When students from the Global South move to the U.S. to study, they don’t just face a new culture; they face a new and often treacherous digital ecosystem. These educational migrants are frequently targeted by cross-channel scams (SMS, phone calls, and emails) that exploit their unfamiliarity with local institutions.

As described in From Scam to Safety: Participatory Design of Digital Privacy and Security Tools with International Students from Global South,” lead author Sarah Tabassum conducted participatory design sessions with 22 students to imagine better safety solutions, using AI capabilities as a design material.

From this data, we identified several must-have features that current tools lack:

  • University Integration: Students trust their schools. By embedding safety support into university platforms, we can provide a trusted safety net.
  • Cross-channel filtering: Moving beyond just email spam to filter SMS and voice scams.
  • Contextual explanations: Instead of just saying “this is a scam,” tools should explain why based on the cultural cues the student might be missing.

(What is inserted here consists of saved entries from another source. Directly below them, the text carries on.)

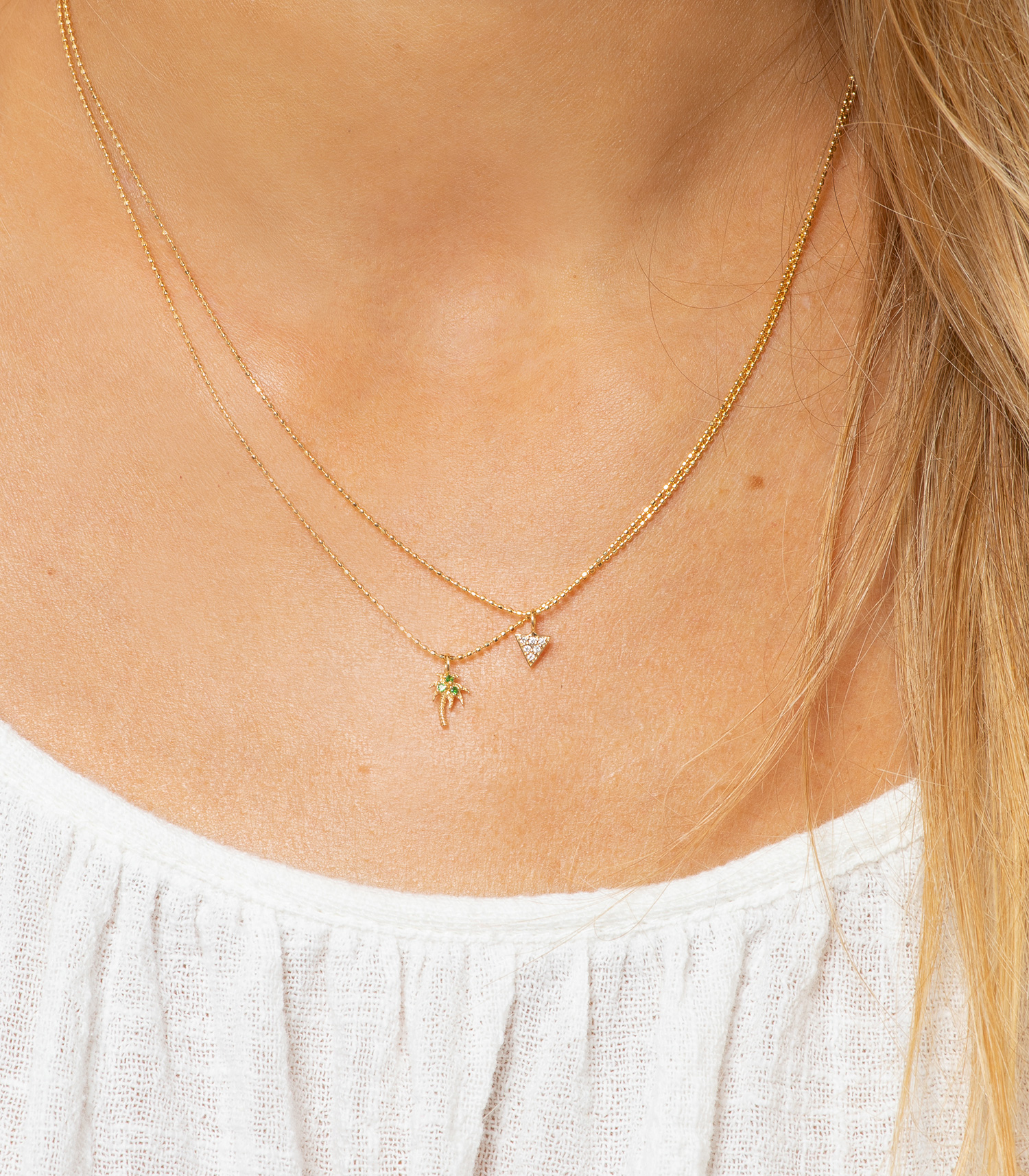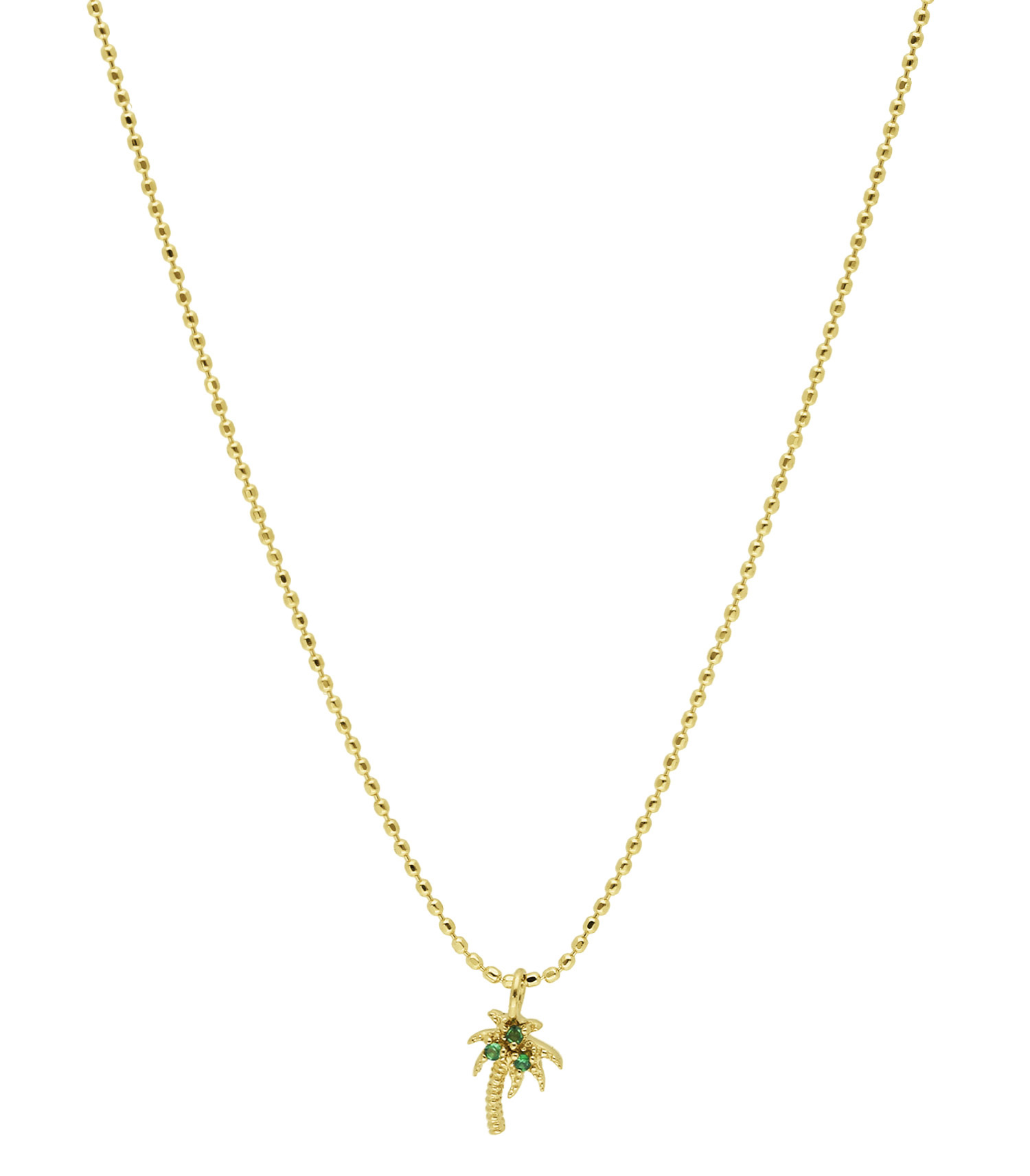 Summer vibes à l'horizon avec ce collier précieux des collections And...Paris, un collier court agrémenté d'une chaîne à petites boules facettées et d'un pendentif mobile en or jaune en forme de palmier. 3 petites pierres tsavorites vertes viennent agrémenter ce palmier pour une touche colorée.
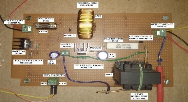 WM generation enhance performance. Initially, power is sourcedfromthegrid,convertedto12VDC,andboostedto 24Vifneeded.Afour-channelrelayselectsthebestpower source,interfacing with an Arduino Nano for regulation. The cascaded converter maintains constant voltage, reducing ripple and switching loss. This project demonstrates the advantages of using a cascaded buck-boostconverterforPVmodules,improvingefficiency andperformance.
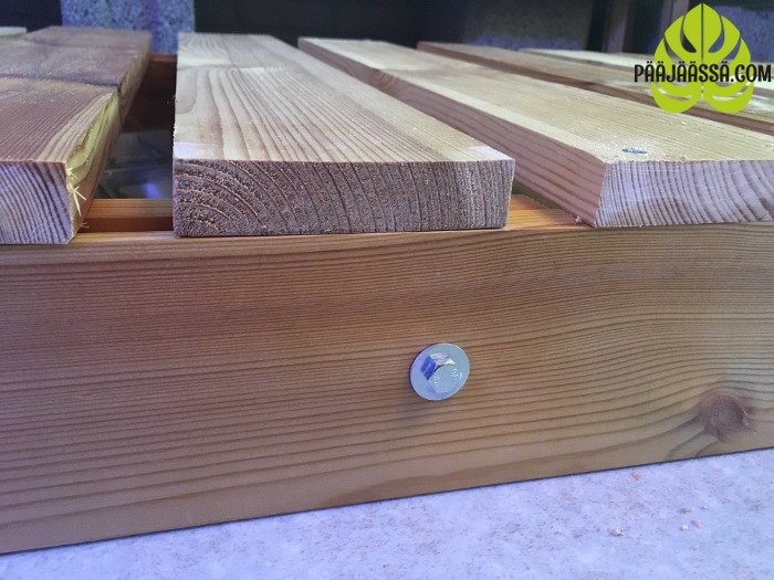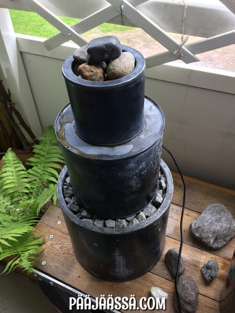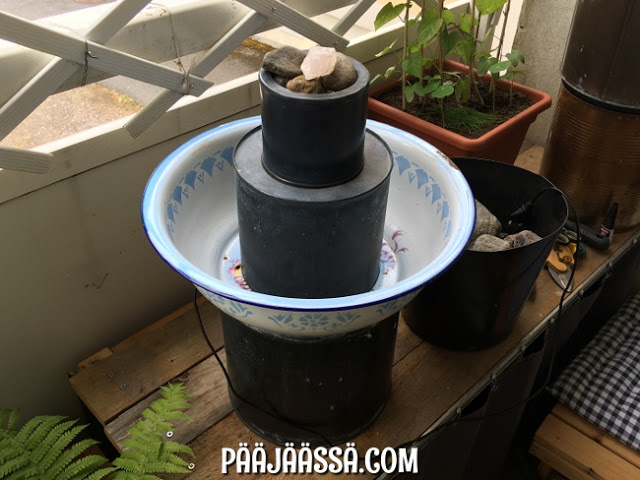 Vielä oli vähän työstettävä puureunusta. Olen vielä tässäkin vaiheessa kahden vaiheilla, että laitanko tuon puureunuksen vesiaiheeseen vai en. Toisaalta olisi ihan kiva, että vesiaihe olisi korkealla eikä lattiatasolla. Lisäksi saan ”hävitettyä” roipetta vesiaiheen jalustaan, kun teen sen tällä idealla. Paljun alla on neljä harkkoa, ja niille pitäisi sitten keksiä tilaa muualta parvekkeelta, jota en nyt jaksa käydä pähkäilemään. Haluan sinne mahdollisimman vähän tavaraa.

Why it matters: This work reminds us that security is not a one-size-fits-all solution. For these users, it must account for the situational vulnerabilities of those moving across borders.


Orientation challenges experienced by educational migrants (Point 1) and the four migrant-centered security features they identified as necessary for safer digital navigation (Points 2–5). See the paper for more details and participants’ sketches and choices of AI capabilities for their tools.

Looking Ahead to 2026

These two papers exemplify the types of work I wanted to conduct when I founded my SPEX research group at UNC Charlotte. Together, and with our external collaborators, we are creating new knowledge of how to make people feel safer and more capable in a complex digital world.

I am incredibly proud of student authors Nikolaj, Hanno, Sarah and her co-author Narges Zare, and my other collaborators and lab mates for their hard work. If you are attending USEC in February or CHI in April, please come say hello! We look forward to sharing our full findings and connecting with fellow researchers who are passionate about human-centered security and privacy.